TAX SAVING OPTIONS IN INDIA
It’s not uncommon to witness taxpayers get worked-up and tensed in choosing the right investment options as nobody wants to shell those extra bucks from their pockets. Taxpayers often try to find some means to reduce their gross taxable income. Thus, tax-saving investments are an important part of any investor’s life. As a smart investor, you should seek investments that offer not only tax benefits but also tax-free gains. Following are some of the best tax saving investment options under Section 80C of the IT Act, 1961:
Public Provident Fund (PPF)
It is a long-term tax saving instrument offered by the Government of India that helps in creating a financial cushion for individuals post their retirement. The interest rate on these accounts are set every quarter. PPF accounts enjoy an EEE status, i.e. exempt, exempt and exempt. This means that the sum invested in PPF account, the interest earned, and the maturity amount are all exempt from tax.

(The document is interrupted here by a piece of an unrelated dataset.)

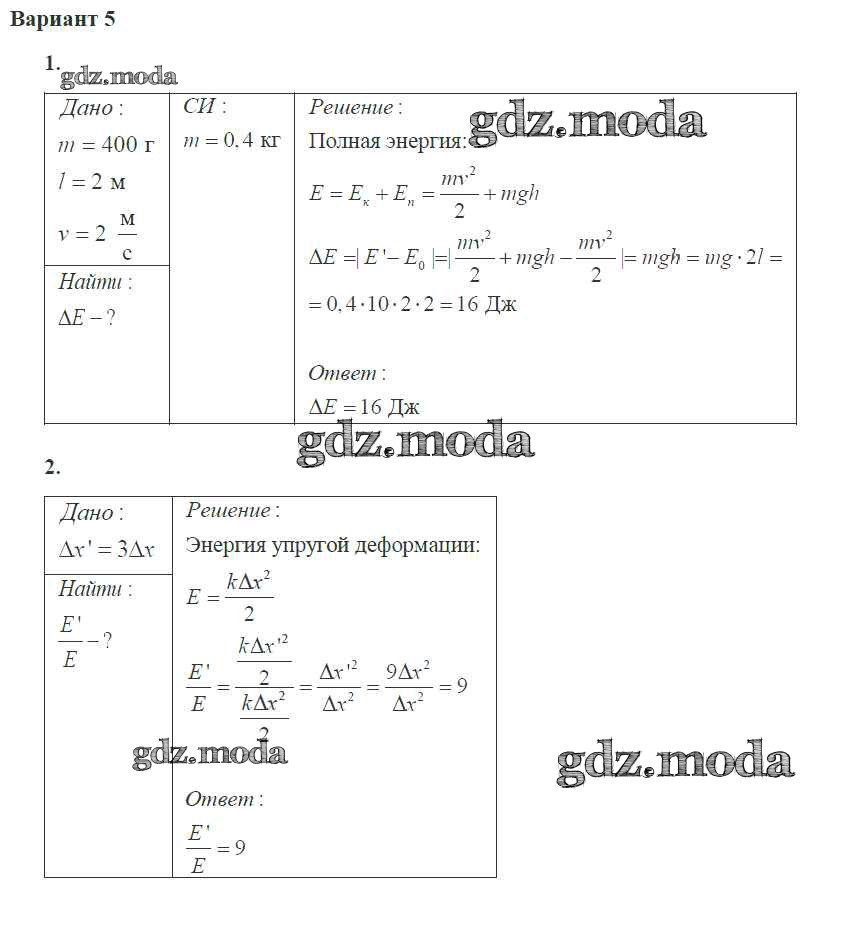 ГДЗ решение к заданию № 5 Физика 10 класс самостоятельные и контрольные работы Ерюткин Е.С. Просвещение 2018 Базовый и углубленный уровень ФГОС бесплатно на гдз.мода!

Unit Linked Investment Plan (ULIP)
ULIPs are another type of tax-saving instruments that not only offers tax benefits but also provides higher gains on investment when invested for a longer investment duration. ULIPs are investment products that provide a combination of investment opportunities and life insurance policy though a mutual fund is a single fund. These funds offer the flexibility to switch between funds about 3-4 times in a year.
National Pension Scheme (NPS)
It is a retirement-focused investment scheme that matures when an investor turns 60 years of age. Among various investment options under NPS, investors are mandated to invest a maximum of up to 75% in equity mutual funds and the rest in debt mutual funds. Investments in NPS are eligible for tax benefits of up to Rs1.5 lac u/s 80C of the Income Tax Act. You can also avail additional tax benefits of up to Rs 50,000 under sub-Section 80CCD (1B) of the IT Act.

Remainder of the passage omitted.